01Research in Context

01

What this study did

The team worked with six high-school students who had severe intellectual disability.

Each student got three kinds of laundry lessons: picture cards, a tabletop washer made of cardboard, or trips to a real laundromat.

Teachers recorded how many steps each kid got right during lessons and later at a new laundromat they had never visited.

02

What they found

All kids learned fastest when they practiced with real machines instead of pictures or cardboard.

After only two community trips every student could do a full wash cycle in a brand-new laundromat with no help.

Kids who saw only pictures or cardboard needed extra lessons before they could wash clothes anywhere else.

03

How this fits with other research

Miller et al. (2020) later showed the same pattern with airport trips: five autistic preschoolers mastered real air travel after three short VR practices.

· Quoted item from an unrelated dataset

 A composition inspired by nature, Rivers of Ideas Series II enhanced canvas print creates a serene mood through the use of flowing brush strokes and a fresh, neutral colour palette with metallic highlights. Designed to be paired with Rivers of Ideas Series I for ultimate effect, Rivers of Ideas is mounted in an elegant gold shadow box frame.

Smits-Engelsman et al. (2023) looked like they disagreed when kids with coordination disorder kept video-game balance skills but failed to use them on real playground beams.

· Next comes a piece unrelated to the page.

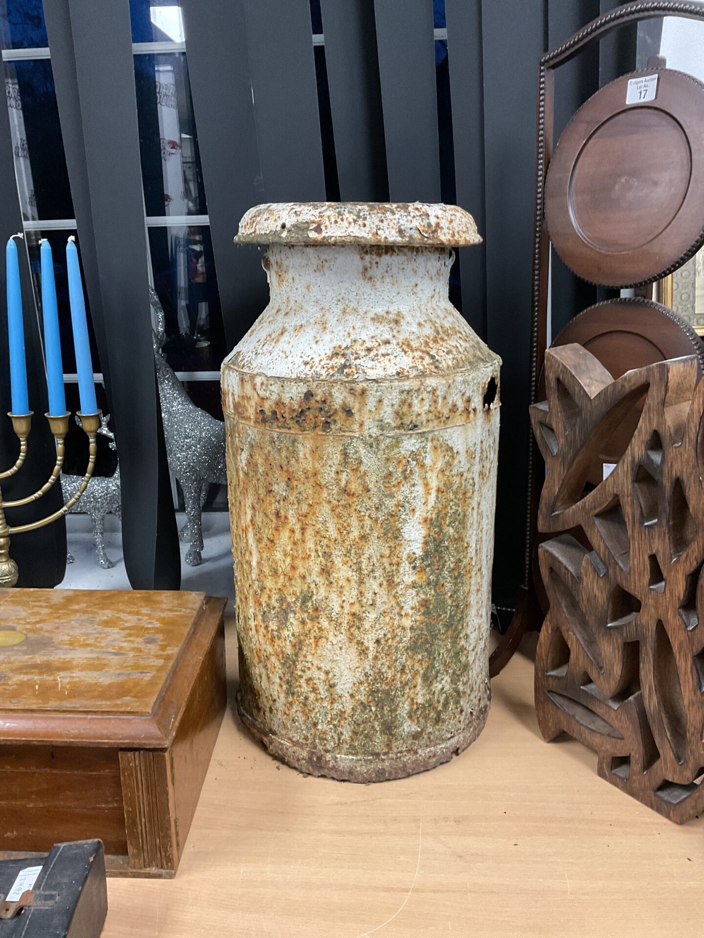 The milk churn exhibits significant signs of age and wear, including surface rust and areas of corrosion. This weathering is consistent with its age and use, and contributes to its authentic character. Despite this, the structure remains sound, and it presents a wonderful opportunity for restoration or to be left as a testament to its working life. Collectors of farm equipment, industrial antiques, or those seeking unique decorative pieces will find this churn particularly appealing.

The difference is task type: laundry and airport steps stay the same on screen and in life, while playground beams feel very different from a game mat, so the studies actually line up.

Chezan et al. (2019) reviewed 21 motor-skill papers and found the same rule: practice must match the real world if you want the skill to travel there.

04

Why it matters

If you want laundry, shopping, or bus-riding skills to stick, skip the miniatures and worksheets.

Take students to the actual location early and often.

Two or three real-site visits can replace weeks of classroom drills and give you faster generalization for free.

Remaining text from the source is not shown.